Epigallocatechin-3-gallate (EGCG) is the main polyphenolic constituent in green tea and is believed to function as an antioxidant. However, increasing evidence indicates that EGCG produces reactive oxygen species (ROS) and subsequent cell death. In this study, we investigated the prooxidative effects of EGCG on the HIT-T15 pancreatic beta cell line. Dose-dependent cell viability was monitored with the cell counting kit-8 assay, while the induction of apoptosis was analyzed by a cell death ELISA kit and comet assay.

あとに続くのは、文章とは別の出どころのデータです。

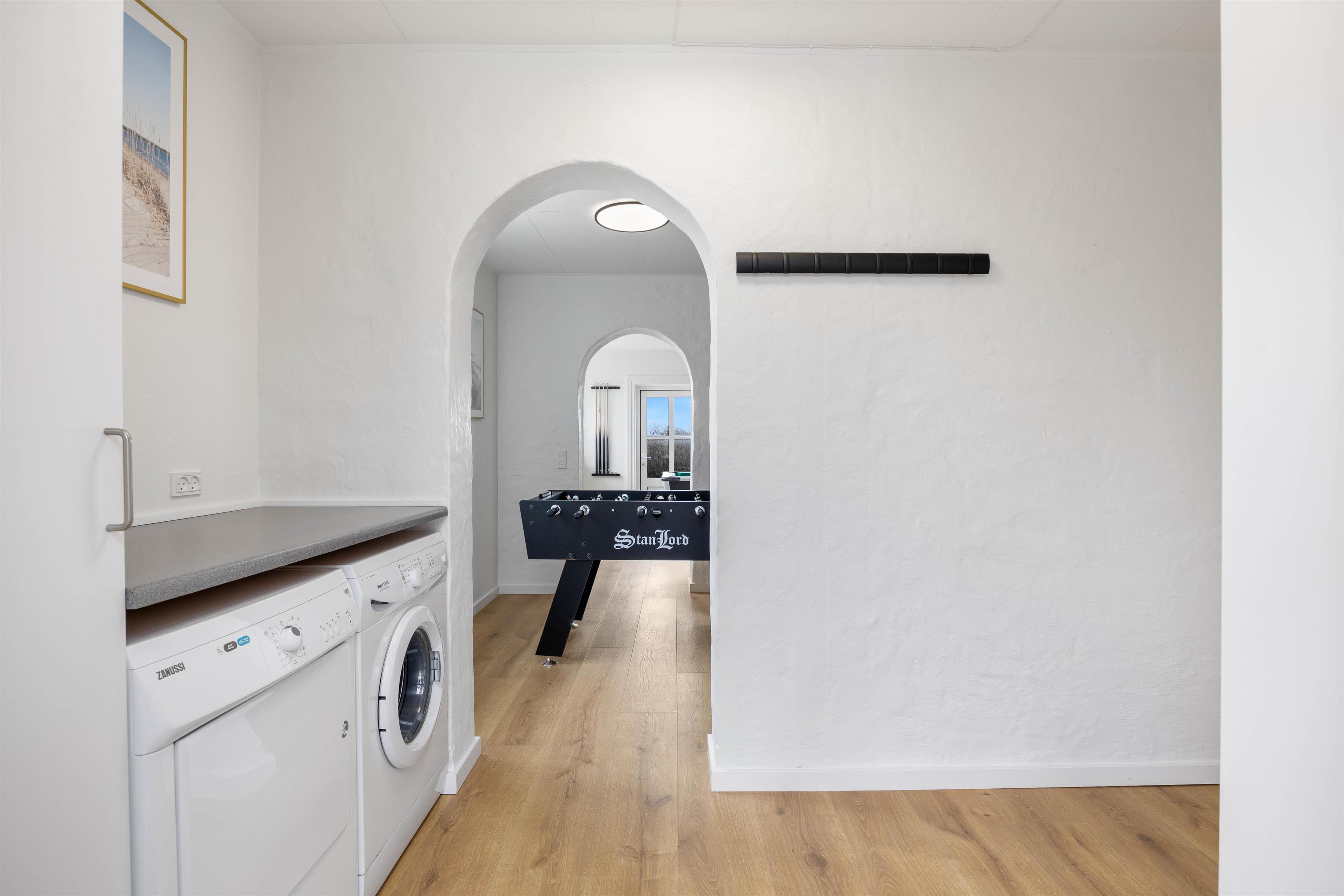 Feriehuset byder på mange gode faciliteter, som vil gøre jeres ophold særligt behageligt. Det moderne, fuldt udstyrede køkken har bl.a. en opvaskemaskine, så I kan fokusere mere på at lave mad sammen og mindre på at vaske op. Der er også en vaskemaskine og en tørretumbler der er med til at gøre ferielivet lidt mere bekvemt for jer alle.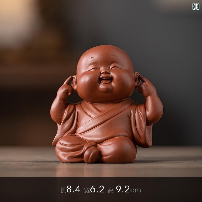 置物 禅風 紫砂陶 小沙弥 小坊主 見ざる聞かざる言わざる動かざる オブジェ 卓上 茶席飾り 和モダン インテリア 飾り物 書斎 リビング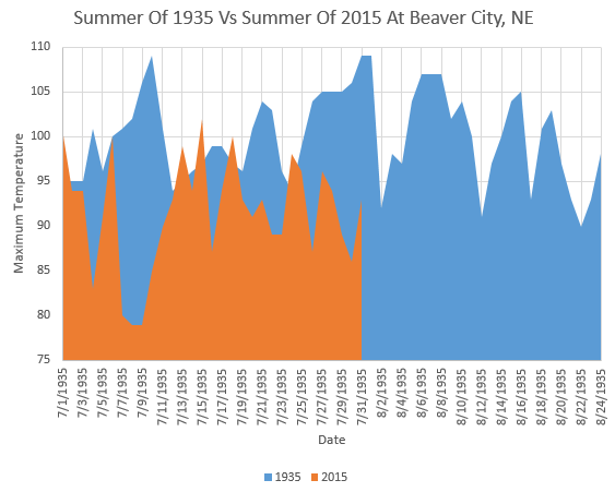 During the summer of 1935, Beaver City, NE had 55 consecutive days over 90 degrees, including many days over 105 degrees. This past summer (which NOAA says was the hottest ever) averaged about 10 degrees cooler than 1935.
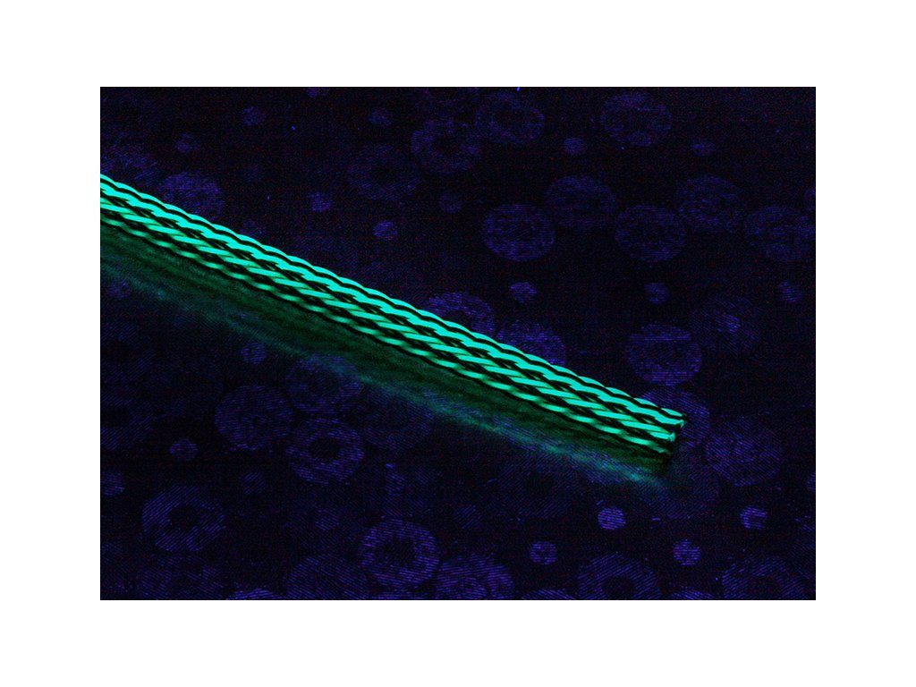 Ide o tenký 3 mm rukáv v mimoriadne účinnej dvojfarebnej úprave, pri ktorej sú zelené a čierne vlákna tkané spoločne. Táto kombinácia je obzvlášť pútavá pod UV svetlom, pretože zelené vlákna žiaria, zatiaľ čo čierne zostávajú tmavé, čím vytvárajú exkluzívny kontrast.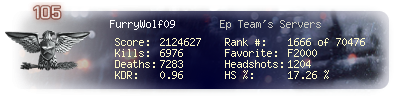 | Headshots | 1204 | Suicides | 91 | Headshot / Kill | 17.26 % |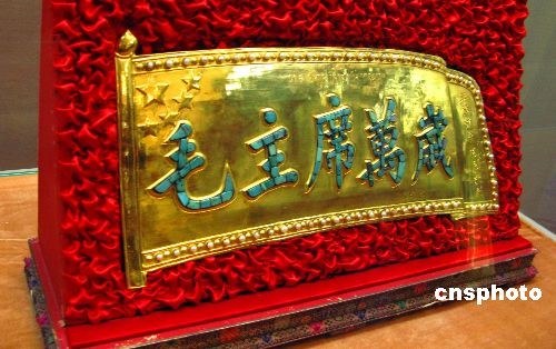 2月25日,在北京民族文化宮舉辦的《西藏民主改革50年大型展覽》免費(fèi)向民眾開(kāi)放。圖為展會(huì)展出十世班禪額爾德尼獻(xiàn)給毛澤東主席的“毛主席萬(wàn)歲”金盾。中新社發(fā) 鄒憲 攝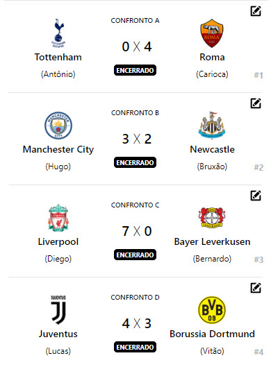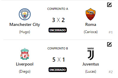 Destaque para o jogo entre os técnicos Diego e Lucas, onde o técnico Diego, a frente do Liverpool, aplicou um goleada de 5 x 1 na Juventus do técnico Lucas.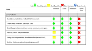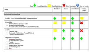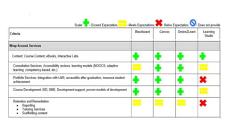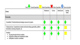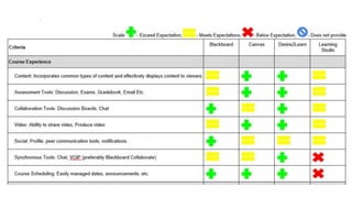 This document summarizes lessons learned from Northwestern University's review and selection of a new learning management system (LMS). It discusses the evaluation process, needs assessment, vendor selection, and lessons around scale, single sign-on, and transparency. Key needs included rich content, mobile experience, synchronous tools, and student engagement features. After reviewing four options, Blackboard was selected for its scale and capabilities. The migration process will involve course development with the vendor to fully leverage the new system. Training, support, and ongoing feedback were identified as important factors for success.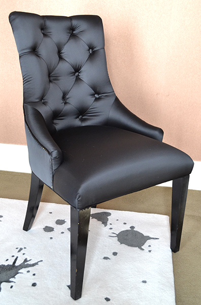 A SATIN UPHOLSTERED EBONISED FRAMED SIDE CHAIR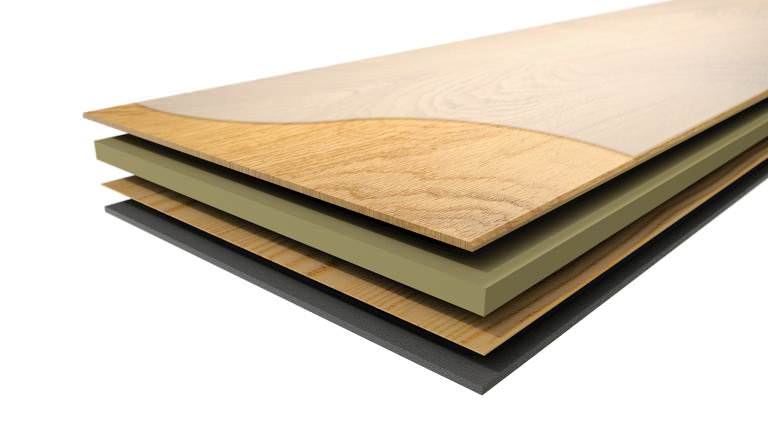 2-Schicht-Parkett wird vollflächig verklebt. Das sorgt nicht nur für eine besonders gute Wärmeübertragung auf Fußbodenheizungen, sondern reduziert auch die Bewegung des Holzes.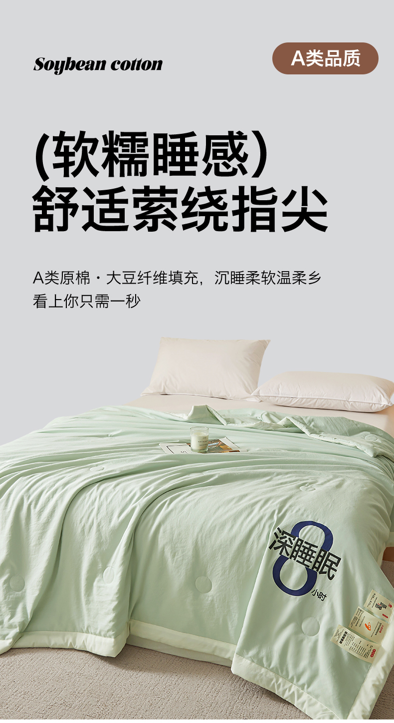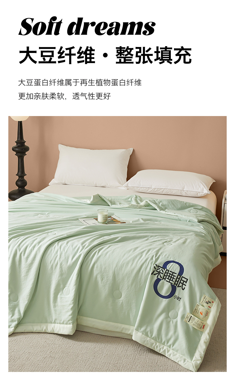 被子 > 夏被 > 招财星 2026新款国标A类8小时睡眠大豆纤维手包边夏凉被夏被空调被子被芯【含质检报告买家秀】 深睡眠-草绿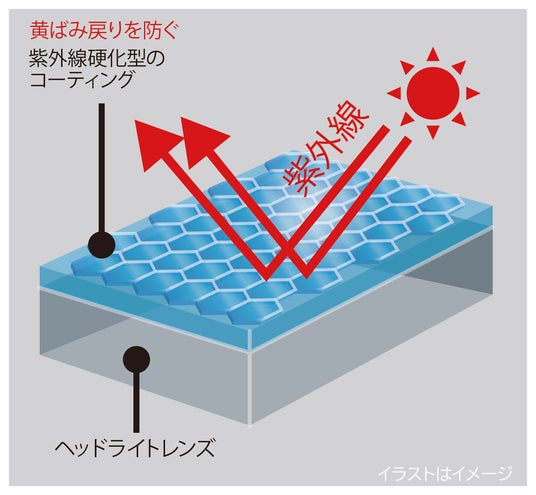 太陽光で硬化する紫外線硬型のコーティング膜を採用することで、耐候性を向上しています。高い透明性を持つため、クリアな仕上がりでヘッドライトの輝きを最大限に引き出します。
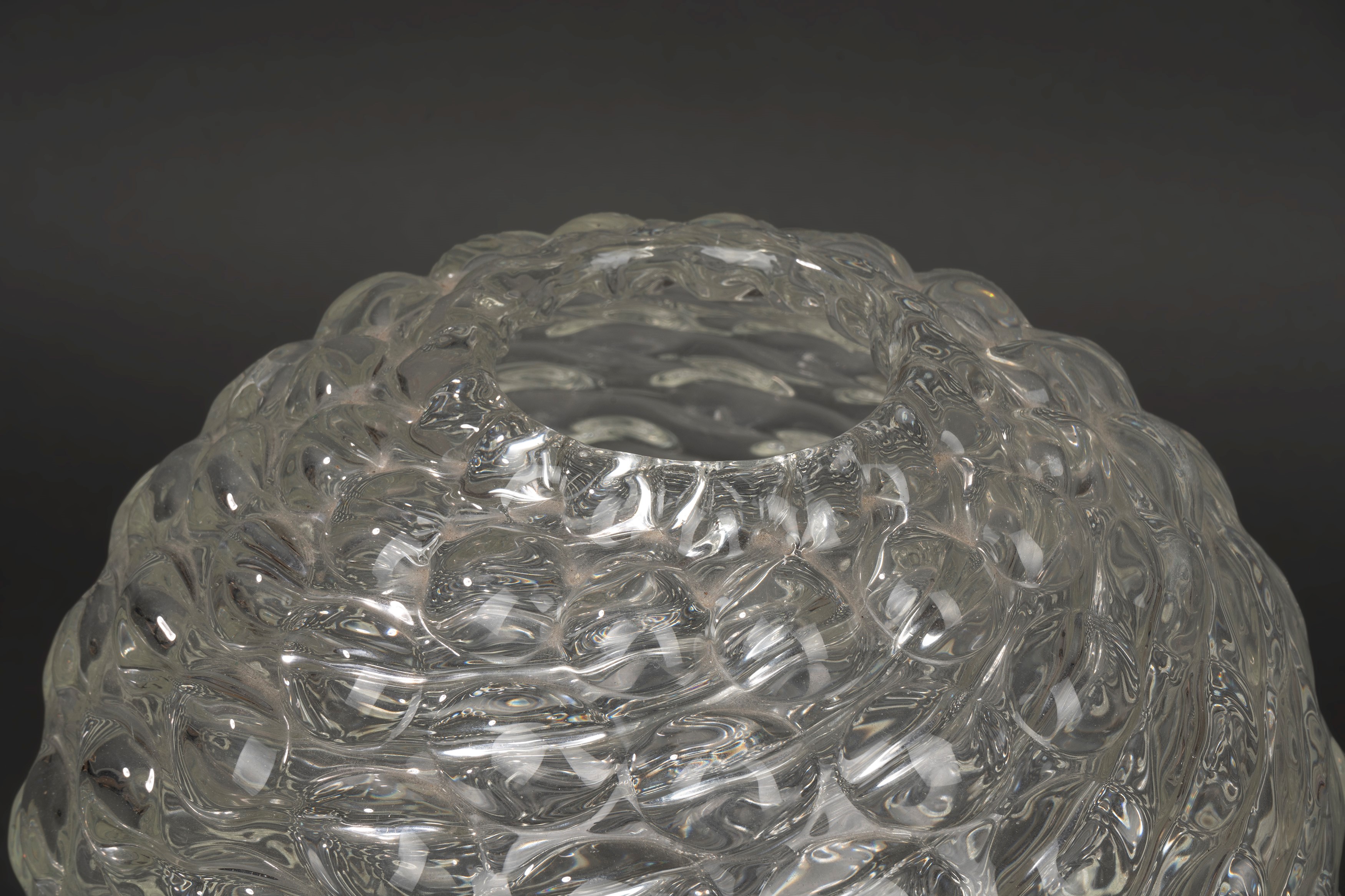Grande vaso sferico dalla serie "Cristallo ottico" in vetro soffiato a stampo, anni '40 del Novecento

Extracellular H(2)O(2) was determined using the Amplex Red Hydrogen Peroxide Assay Kit. Intracellular oxidative stress was measured by fluorometric analysis of 2',7'-dichlorofluorescin (DCFH) oxidation using DCFH diacetate (DA) as the probe. Treatment with EGCG (5-100 microM) decreased the viability of pancreatic beta cells, caused concomitant increases in apoptotic cell death, and increased the production of H(2)O(2) and ROS. Catalase, the iron-chelating agent diethylenetriaminepentaacetic acid, and the Fe(II)-specific chelator o-phenanthroline all suppressed the effects of EGCG, indicating the involvement of both H(2)O(2) and Fe(II) in the mechanism of action of EGCG. The antioxidant N-acetyl-cysteine and alpha-lipoic acid also suppressed the effects of EGCG. Furthermore, EGCG did not scavenge exogenous H(2)O(2), but rather, it synergistically increased H(2)O(2)-induced oxidative cell damage in pancreatic beta cells. Together, these findings suggest that in the HIT-T15 pancreatic beta cell line, EGCG mediated the generation of H(2)O(2), triggering Fe(II)-dependent formation of a highly toxic radical that in turn induced oxidative cell damage.
医師のための臨床サポートサービス
ヒポクラ x マイナビのご紹介
無料会員登録していただくと、さらに便利で効率的な検索が可能になります。